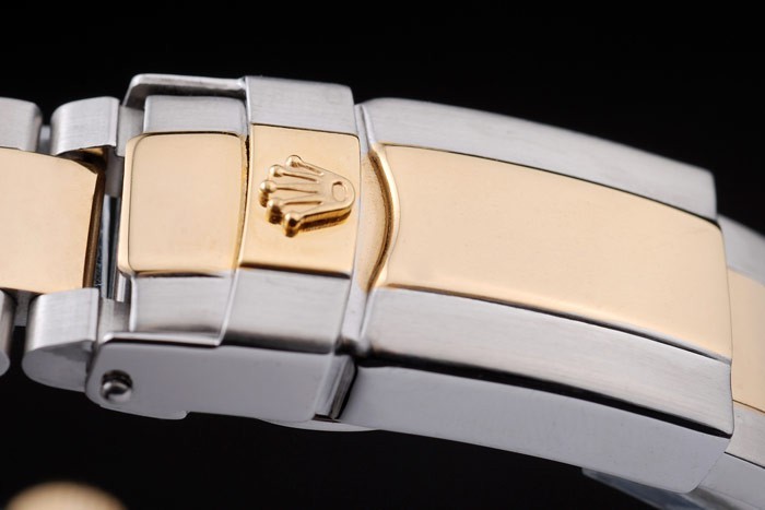 Armband: Edelstahl gebürstet und Rose-Gold-Gliederarmband mit Rolex Gravur im Inneren des Faltschließe und eine Rolex-logo auf top
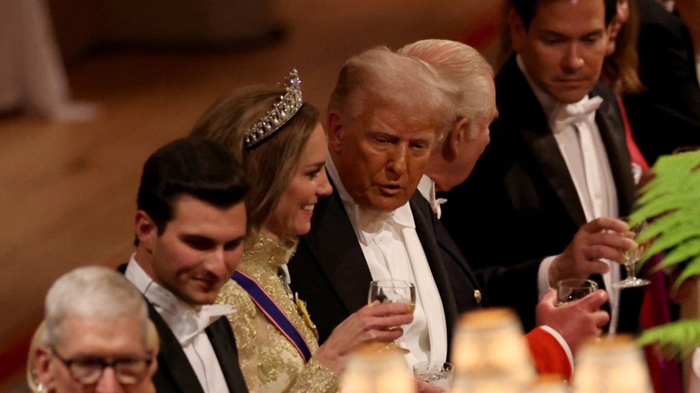 Trump nahm Platz zwischen König Charles III. und Kate. Für ihn dürfte es vermutlich ein besonders großes Vergnügen gewesen sein, den Abend mit der Prinzessin als Sitznachbarin verbringen zu können. Schon kurz nach seiner Ankunft auf Schloss Windsor soll der Präsident der Vereinigten Staaten laut mehrerer US-Berichte zu Prinz Williams Ehefrau gesagt haben, wie „wunderschön, so wunderschön“ sie doch sei.
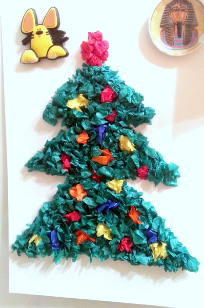 Елочку из комочков парпиросной бумаги подарим прабабушке.
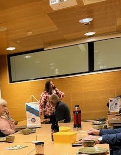 Noen punkter fra foredraget: Distriktet skal være en motivator og et serviceorgan for klubbene. DGen har en tilsynsrolle ved å besøke og ellers ha kntakt med klubbene.
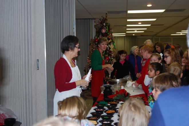 The party was really cute. The kids got gingerbread cookies to take home, we got a picture in front of the tree in a cute mat as a favor and they had cookies and punch and LOTS of candy to decorate.

→ Task prompt
Where a line contains "Noen punkter fra", begin there and set down exactly each line through the end of the data above, omitting any pictures.

→ Written response
 Noen punkter fra foredraget: Distriktet skal være en motivator og et serviceorgan for klubbene. DGen har en tilsynsrolle ved å besøke og ellers ha kntakt med klubbene.
 The party was really cute. The kids got gingerbread cookies to take home, we got a picture in front of the tree in a cute mat as a favor and they had cookies and punch and LOTS of candy to decorate.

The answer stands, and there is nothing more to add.